I started looking at the flash chip, if the main chip boots, it would have to load the configuration from the flash, so I put the probe to one of the flash address pins to see. When working, there was constant interactions going on but when not working it didn’t do anything.

Then I looked at the CE pin (blue) with the crystal pin (yellow) to see when the main chip started and found that when starting well, it increased the CE pin slowly and then would start pulsing it.

However when it didn’t start well, the CE pin was pulsed when the main chip was just starting off, the voltage levels are pretty low so it probably wouldn’t read anything back properly so something is definitely wrong, perhaps the chip isn’t waiting long enough for the clock to startup and it’s just executing instructions before it really should.

Checked the 2.5V and 3.3V regulators to see when they started up (Flash and SRAM use 3.3V) but they started at almost the same time. Compared the CE pin against the 2.5V/3.3V too.

I went back to re-checking the main chip’s reset pin, counted the pins and found the right reset pin this time, it was sitting at 5V. Touched it to ground when it wasn’t working and lo and behold it works! Repeated the test and it’s working fine. This reset line is also connected to the Flash chip too.

I was able to trace the reset pin which lead me to the back ports, there is a un-populated place for SW2, so it sounds like they had planned to add a reset button to it, they have a 10K resistor and a 10uF capacitor to create a slowly rising voltage which could be the cause of the issues or it’s just the ESS chip, either way, keeping the reset low for a little bit after power up and then putting it high solves the problem. Time to remove the resistor and capacitor for our own reset solution.

This sort of scenario would be suited for a supervisor chip (usually 3 pin) which you can buy that has a fixed delay, specific voltage threshold and open drain output, they are about 20-30c each but I don’t have any so it’s over to the ATtiny13A to solve this, all I’m doing is delaying for 500ms, outputting high on one of the pins which connects to the reset line and going to sleep forever. Tested a few times and it works perfect, solved!

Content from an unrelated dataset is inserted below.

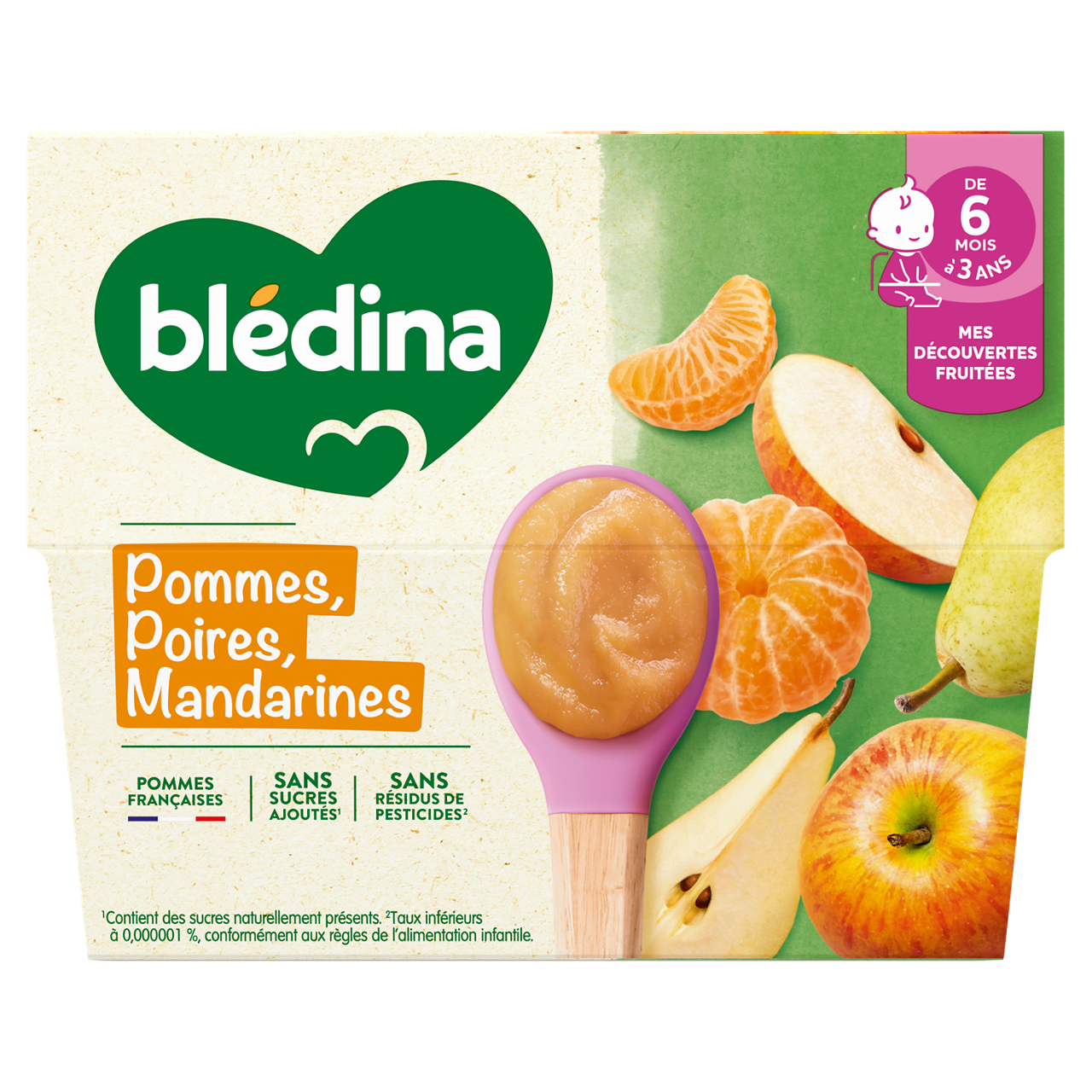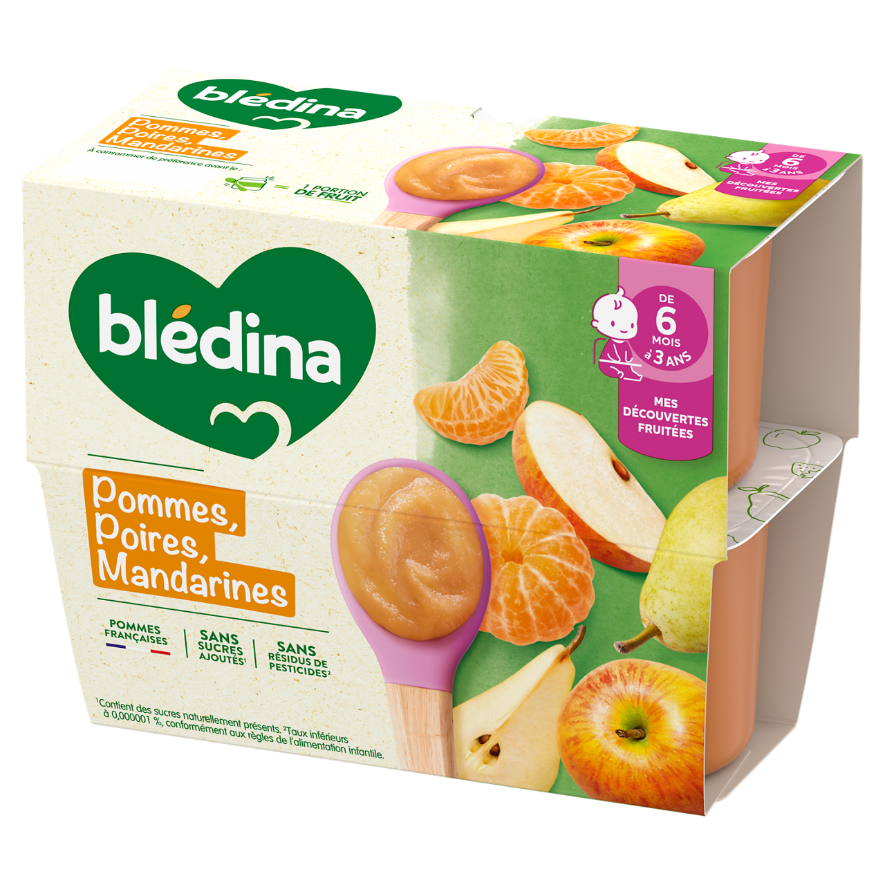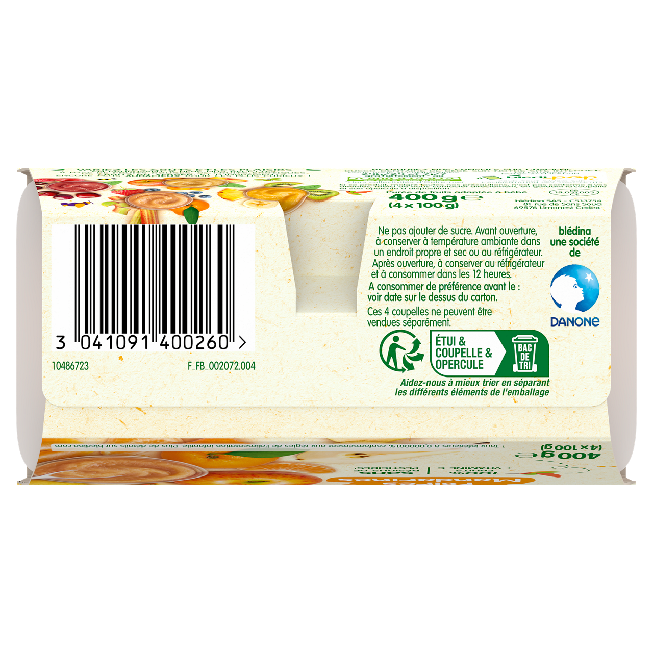 Découvrez Les coupelles de fruits Blédina : de savoureuses recettes de purées de fruits pour le goûter, déjeuner ou dîner de bébé dès 8 mois. Faites découvrir à bébé une incroyable variété de fruits avec l’ensemble de nos saveurs de la gamme Coupelles de fruits !   Purée de fruits sans sucres ajoutées, contenant uniquement les sucres naturels des fruits ! Cuisinés en France, à Brive la Gaillarde Une texture onctueuse et pulpeuse Plus de 15 variétés à découvrir !   Lot de 3 packs contenant chacun 4 coupelles de 100g.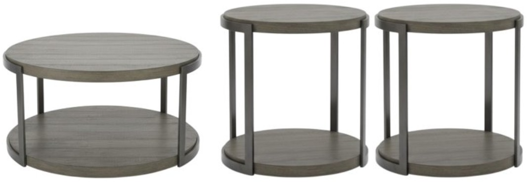 Design possibilities are endless with the Modern View round cocktail table and two end tables. This kit features a gauntlet gray finish. The cocktail table and end tables feature wire brush distressing, dark pewter metal bases, open shelf design, and casters added to the cocktail table for easy maneuverability.Read More

7 Responses to “Inside the Linksys PAP2 VoIP Phone Adapter (Made in 2010) & Troubleshooting powering on issues”

  1. Dillon says:

    Clever fix!

  2. rasz_pl says:

    >Realtek RTL8019 which is a full duplex Ethernet controller that was released around in 2001

    RTL8019 was _the_ NE2000 compatible chip in probably 95% of ISA ethernet cards ever made globally. It was designed ~1995. You only need this chip, 20MHz quartz, transformer, I2C eprom and ~10 passives for a fully working ISA card.
    There was also PCI version designated RTL8029.

  3. Hiep Nguyen says:

    Hi Alex,
    Could you please list some more common voltage supervisor?

    • Alex says:

      Hi Hiep,

      There are quite a few available, like the MCP111T, MCP100T, TCM809, etc. You can find one with the right amount of delay time once the voltage passes the specific voltage you are looking for. The higher cost ones have adjustable voltages.

      • Hiep Nguyen says:

        Thanks Alex for the quick reply on the part number.
        BTW, I think I shorted the board by accident and nothing turns up now. Do you know by chance if there is a fuse that went on the board?

        • Alex says:

          Damn, no fuses that I could see. Any burnt smell coming from the board? Your best bet would be to measure all the power rails to check which one isn’t right. Also try powering it with a different power adapter, as perhaps the fuse blew on that.

          You could also measure the input side, near Q5, C119 just to see if the input voltage is present and where it isn’t, a rare case could be a trace got burnt/cut.